In this study, we used XGBoost methods to generate a more precise risk predictive model on in-hospital mortality among critically ill patients with heart failure compared with traditional prediction models and critical illness scoring systems. We further validated the machine learning model by plotting the decision curve and assessing predictive performance in external populations.
Materials and methods
Database
Two distinct databases were used for this study. The model was developed from a retrospective analysis of a cohort of patients from Medical Information Mart for Intensive Care (MIMIC-III) a large public database that includes information on 46,520 patients who were admitted to ICUs from 2001 to 2021 at the Beth Israel Deaconess Medical Center in Boston, MA, USA [
17]. The database contains records of demographics, hourly vital signs from bedside monitors, laboratory tests, International Classification of Diseases and Ninth Revision (ICD-9) codes diagnoses, and other clinical characteristics. The users were required to pass a test to qualify to register for the database and to be approved by the MIMIC-III database administration staff. The second cohort of patients was from the Telehealth Intensive Care Unit (eICU) Collaborative Research Database (eICU-CRD) as a validation dataset.

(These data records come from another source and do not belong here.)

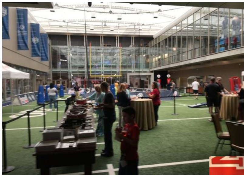
Attendees enjoyed dinner and drinks on the floor of the College Football Hall of Fame Indoor Playing Field.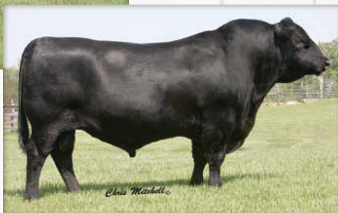
B/R 65R Genesis / A maternal sister to the proven MB and $B sire sells as Lot 24.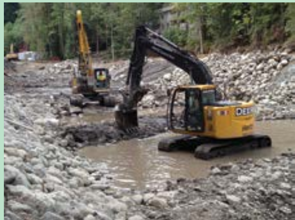
Heavy equipment is used to build new rock weirs.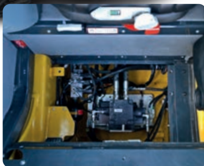
Thanks to the internal cab bonnet, extra servicing of the main valve can be done quickly without tilting the cab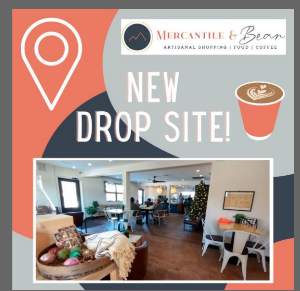
New Shoe Collection Site in Genesee.

Tonawanda Service Club, WI-We enjoyed having this great group of volunteers serve in our warehouse and they also collected 500 pairs of shoes from their community. Their kindness is changing lives locally and in Africa!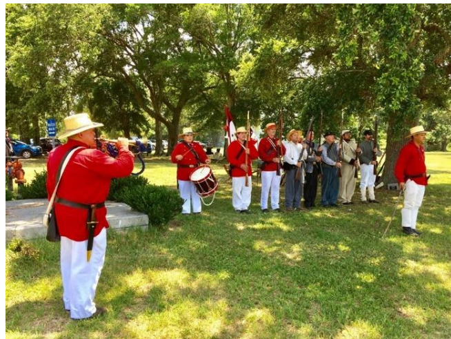
The 3 rd Mississippi Infantry presented arms after 3 volleys in honor of President Davis at Beauvoir.

The eICU-CRD, a multi-center critical care database, covers more than 200,000 ICU stays of 139,367 unique patients admitted to ICUs between 2014 and 2015 from 208 hospitals in the United States [
18]. After passing a training course, “Protecting Human Research Participants,” on the website of the National Institutes of Health, we had permission to extract data from the two databases for research purposes (certification number: 37903239).
Study population
The study focused on ICU patients with heart failure. We exported the patients who were diagnosed with heart failure at admission to an ICU from the MIMIC-III and the eICU-CRD through ICD-9 codes or who were recorded as heart failure patients. Other criteria for inclusion were (I) heart failure without sepsis at admission to the ICU; (II) older than 16 years old and younger than 90 years old; (III) first hospital stay and the first ICU admission; IV) longer than 24-h stay in the ICU; (V) ICU vital signs data and laboratory test data available.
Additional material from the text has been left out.